Amendment No. 2 to Alpharma Inc. Supplemental Pension Plan
This amendment updates the Alpharma Inc. Supplemental Pension Plan, effective June 22, 2006. It clarifies that only the Board of Directors can make significant changes to the plan or terminate it, while certain administrative or minor amendments can be made by designated committees. Importantly, no amendment or termination can reduce or eliminate benefits that employees have already earned as of the amendment date. The amendment ensures that accrued benefits are protected and specifies who has authority to make different types of plan changes.
AMENDMENT NO. 2 TO THE
A.LPHARMA INC. SUPPLEMENTAL PENSION PLAN
1. Section 4 of the Plan is hereby amended by deleting the first paragraph thereof and replacing it with the following:
"While the Company expect to continue the Plan, the Company, acting through its Board of Directors, must necessarily reserve and hereby does reserve the right to amend the Plan from time to time, provided, that no amendment of the Plan may cause the reduction or cessation of any benefits that were accrued as of the date of such amendment and otherwise would be payable under the plan, but for such amendment.

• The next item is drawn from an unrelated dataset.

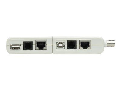 Features: - Tests 4 types of cables: RJ-11/-45/USB/BNC; - Simple one-button test; - Tests patch cables and installed wiring; - 600 ft. test distance; - LEDs indicate connections and faults; - Tests shielded and unshielded LAN cable.

Notwithstanding the foregoing, the Board of Directors has delegated to the executive management Benefits Committee the authority to adopt administrative amendments to the Plan, provided, that such amendments do not involve a change in the costs or liability of the Company or alter the benefits payable thereunder. The Board of Directors has delegated to the Compensation Committee the authority to adopt all other amendments to the Plan, provided, that such amendments do not significantly increase or decrease benefit amounts, or are required to be adopted by the Board of Directors under the Code or the regulations thereunder. The Board of Directors retains the authority to adopt amendments to the Plan that significantly increase or decrease benefit amounts, or are required to be adopted by the Board of Directors under the Code or regulations thereunder.
The Company, acting through its Board of Directors, may terminate the Plan at any time, provided, that no such termination may cause the reduction or cessation of any benefits that were accrued as of the date of such amendment and otherwise would be payable under the plan, but for such amendment."
2. Section 4 of the Plan is hereby amended by adding the phrase, "through its Board of Directors", immediately after the term "Company" in the first sentence thereof."